Are you Write Concerned?

So far, I’ve neglected to talk about the very important role of “write concern” when taking consistent backups. In MongoDB, the database is not durable by default. By “durable,” I mean “on disk” when the database acknowledges receipt of an operation from your application. There are most likely several reasons for this. Most likely the biggest one originally was probably throughput given a lack of concurrency.

However, the side effect is possible data loss due to loss of operations applied only in memory. Changing the write concern to “journaled” (

j : true

) will change this behavior so that MongoDB journals changes before acknowledging them (you also need to be running with journal enabled).

TIP: For true durability in a replica set, you should use a write concern of “majority” for operations and the writeConcernMajorityJournalDefault : true on all replica set members (new to v3.4). This has the added benefit of greatly decreasing the chance of rollback after an election.

Wow, you’re inconsistent

At the risk of being repetitive, the crux of this issue is that we need to run a backup on every shard (replica set). This is necessary because every shard has a different piece of the data set. Each piece of that data set is necessary to get an entire picture of the data set for the cluster (and thus, your application). Since we’re using mongodump, we’ll only have a consistent snapshot at the point in time when the backup completes. This means we must end each shard’s backup at a consistent point in time. We cannot expect that the backup will complete in exactly the same amount of time on every shard, which is what we’ll need for a consistent point in time across the cluster. This means that Shard1 might have a backup that is consistent to 12:05 PM, and another shard that is consistent to 12:06 PM. In a high traffic environment (the kind that’s likely to need horizontal scale), this could mean thousands of lost documents. Here’s a diagram:

MongoDB PIT Backups
MongoDB PIT Backups


Here’s the math to illustrate the problem:

  • Shard1’s backup will contain 30,000 documents ((100 docs * 60 secs) * 5 mins)
  • Shard2’s backup will contain 36,000 documents ((100 docs * 60 secs) * 6 mins)
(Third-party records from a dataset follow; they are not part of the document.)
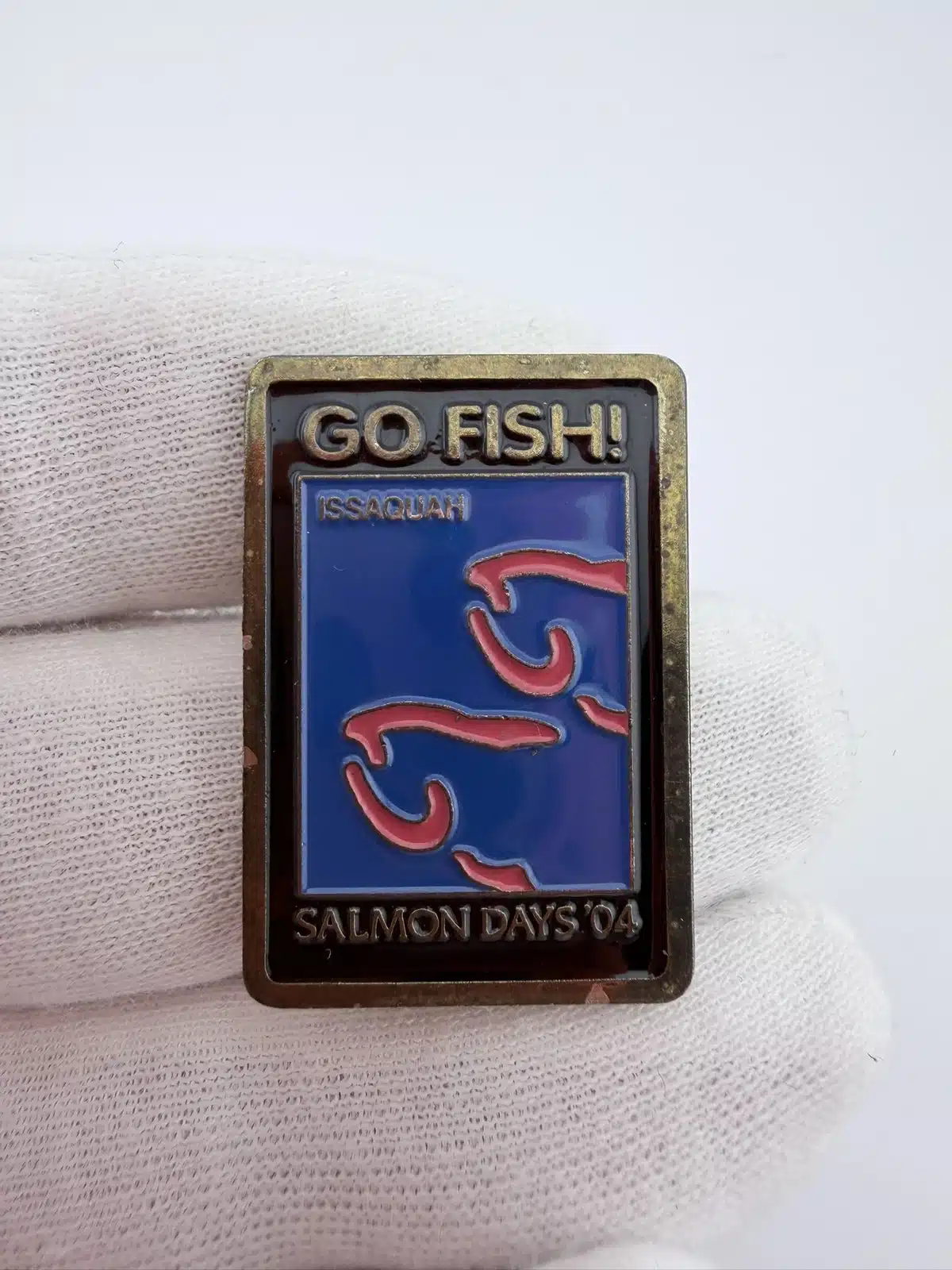 This vibrant lapel pin from the 2004 Issaquah Salmon Days features a playful ‘Go Fish!’ design, celebrating the annual festival dedicated to salmon and local culture in Washington State. The pin showcases colorful imagery that reflects the event’s focus on the significance of salmon in the region.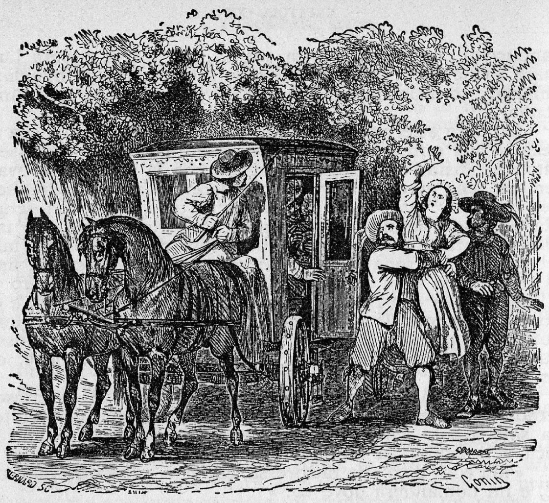 Come mi giro per mostrargli la strada, due mani decise mi afferrano alla vita e mi tirano su; inizio a gridare, mi passano mille cose per la testa! L’uomo mi getta dentro la carrozza, io continuo a gridare, cerco di scappare, sono terrorizzata, anche se gridare è inutile: in questa strada non ho incontrato nessuno, tranne questa maledetta carrozza.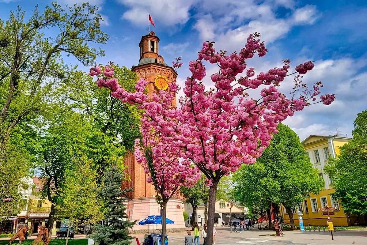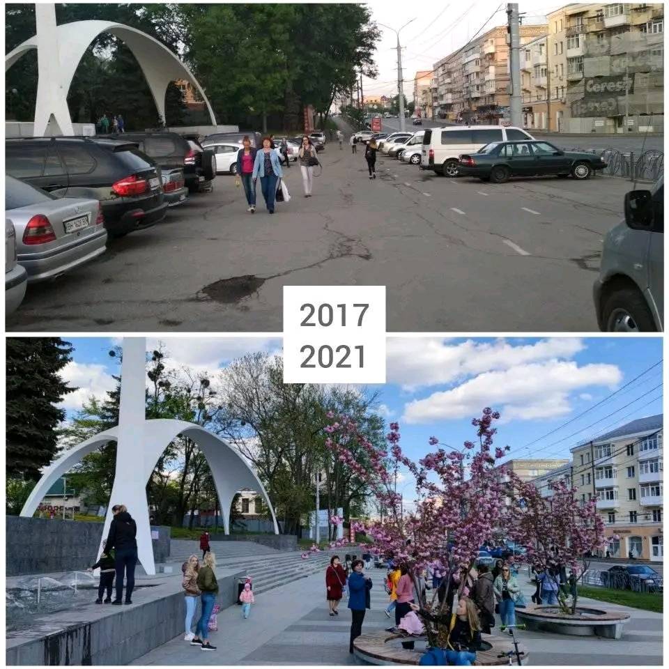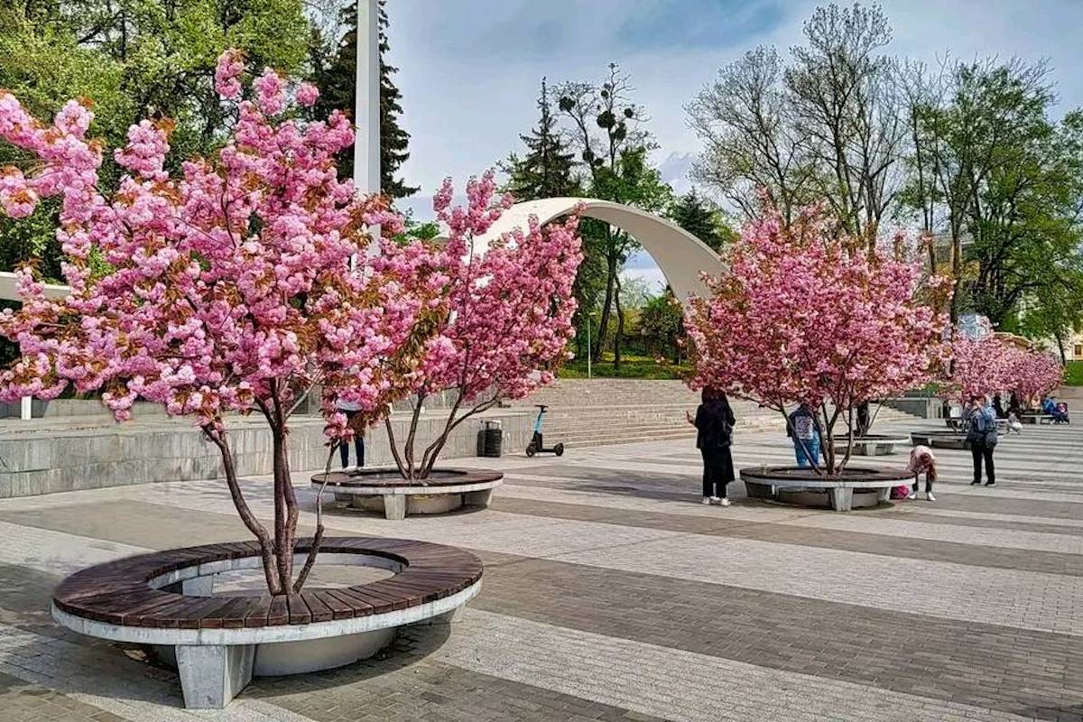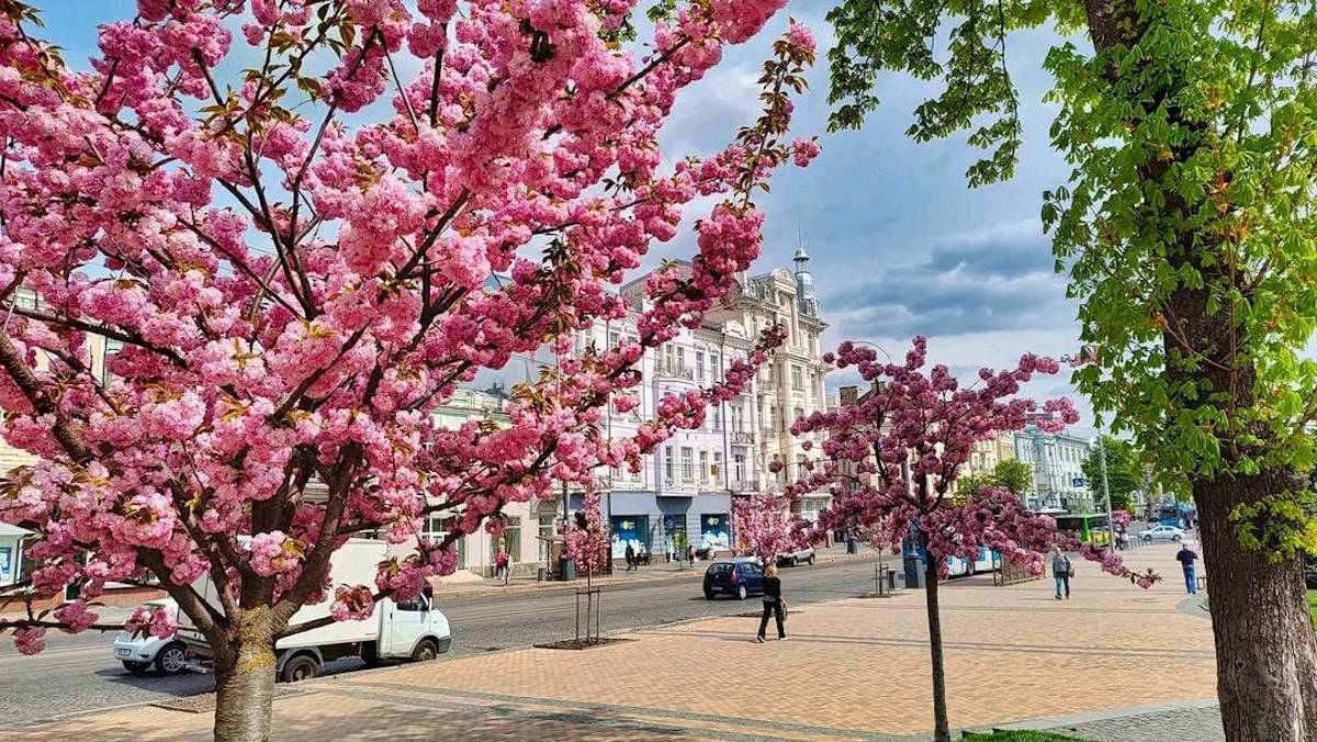 У Вінниці на площі, раніше заставленій автівками, розквітли сакури (фото)

In this example, to get a consistent point in time you’d need to remove all insert, update and delete operations that happened on Shard 2 from the time that Shard 1’s backup completed (6,000 documents). This means examining the timestamp of every operation in the oplog and reversing it’s operation. That’s a very intensive process, and will be unique for every mongodump that’s executed. Furthermore, this is a pretty tricky thing to do. The repeatable and much more efficient method is to have backups that finish in a consistent state, ready to restore when needed.

Luckily, Percona has you covered!

You’re getting more consistent

Having data is important, but knowing what data you have is even more important. Here’s how you can be sure you know what you have in your MongoDB backups:

David Murphy has released his MongoDB Consistent Backup Tool in the Percona Labs github account, and has written a very informative blog post about it. My goal with these blog posts is to make it even easier to understand the problem and how to solve it. We’ve already had an exhaustive discussion about the problem on both small and large scales. How about the solution?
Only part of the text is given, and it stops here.